→ **What the task asks**
Would you please repeat exactly the entries below, starting at the line with "A curved, wrought-iron" and ending at the line with "Marbleized Brown Bead", and nothing outside that range? Leave out the pictures.

##### Material provided #####

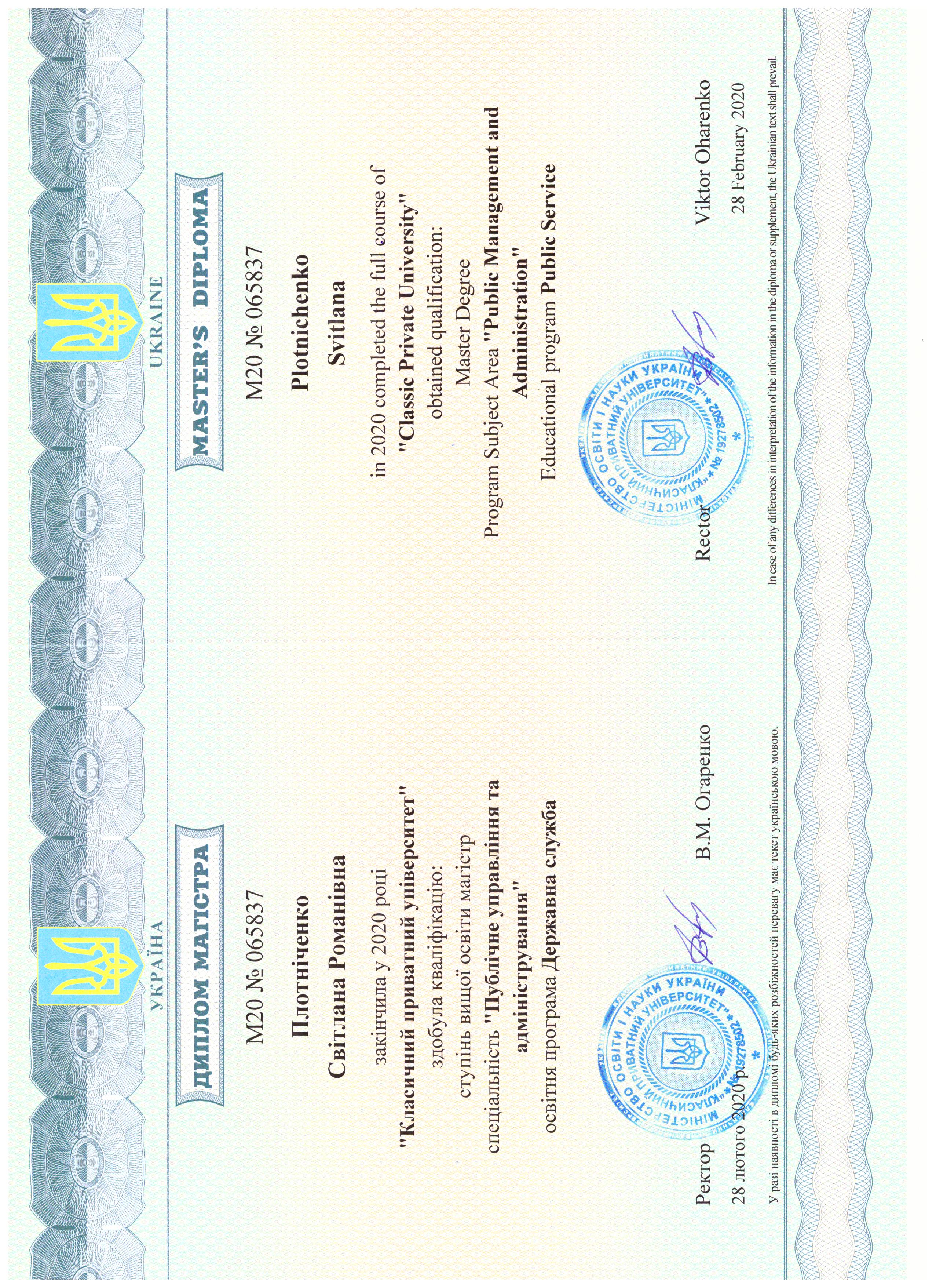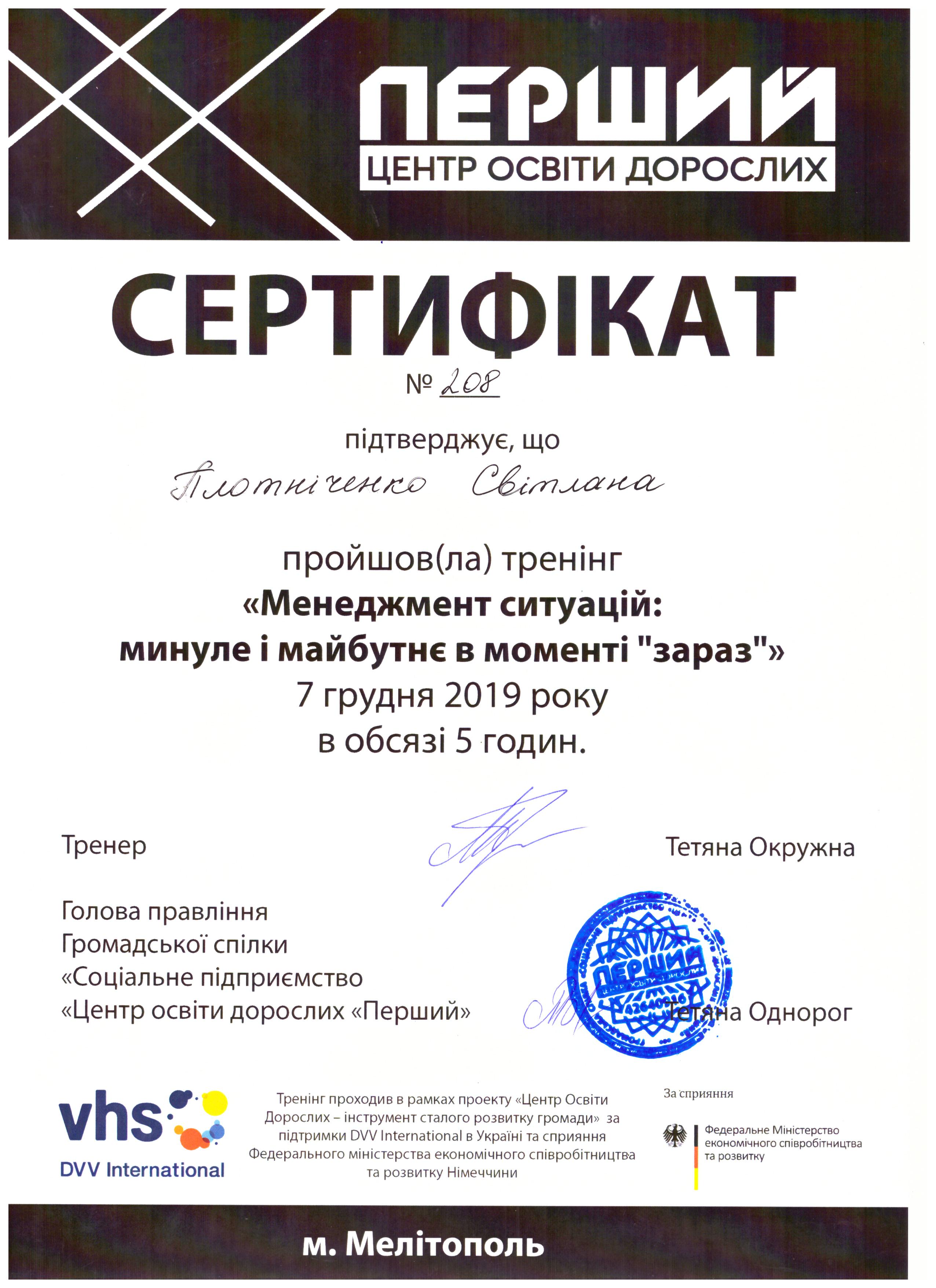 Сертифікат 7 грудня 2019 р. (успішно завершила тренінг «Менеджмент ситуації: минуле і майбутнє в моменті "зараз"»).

#####
##### Material provided #####

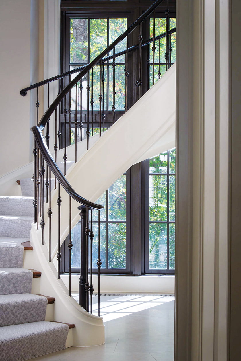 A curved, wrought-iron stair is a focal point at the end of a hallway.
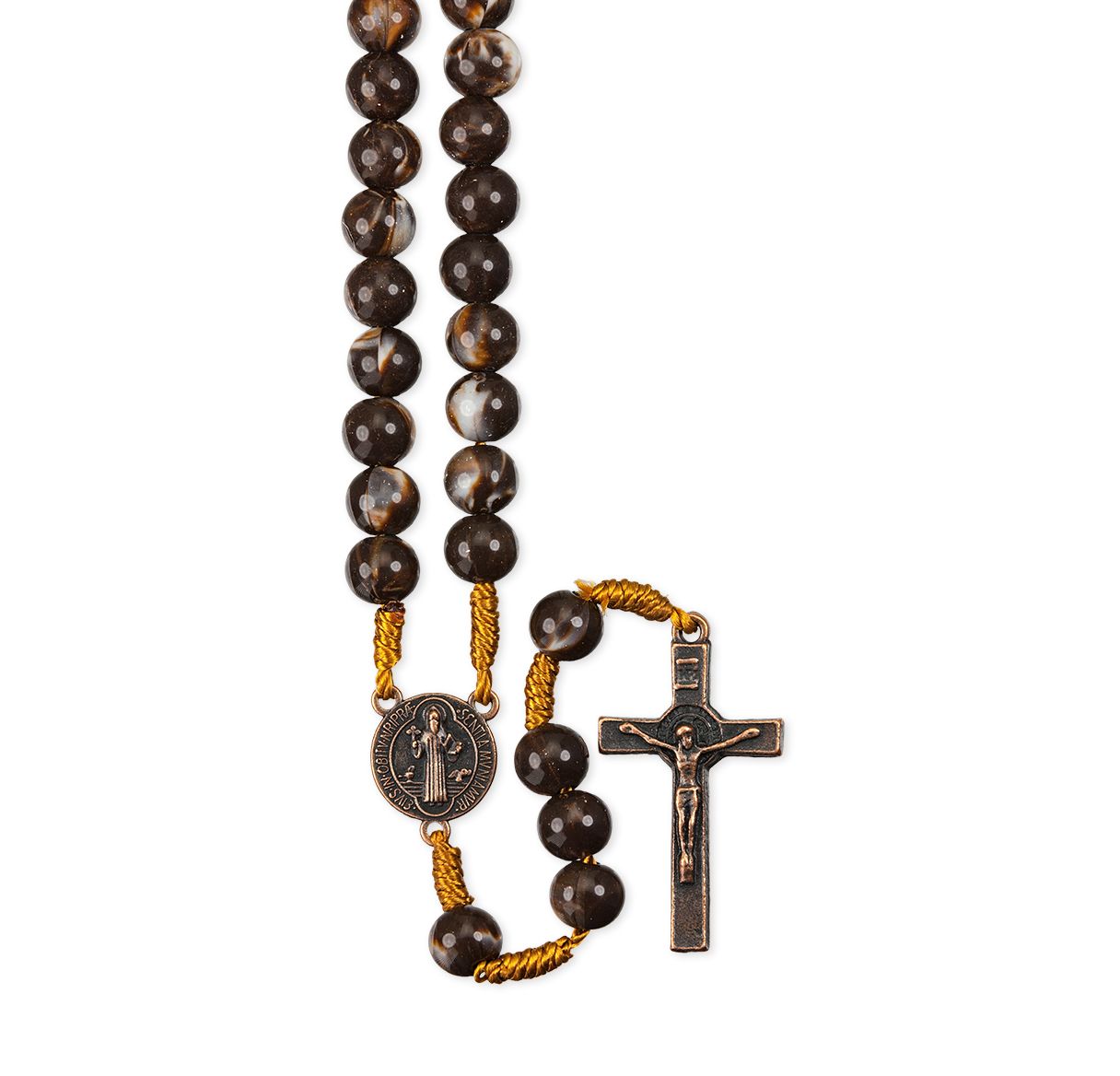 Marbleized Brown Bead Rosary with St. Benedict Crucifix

#####

→ **Task result**
 A curved, wrought-iron stair is a focal point at the end of a hallway.
 Marbleized Brown Bead Rosary with St. Benedict Crucifix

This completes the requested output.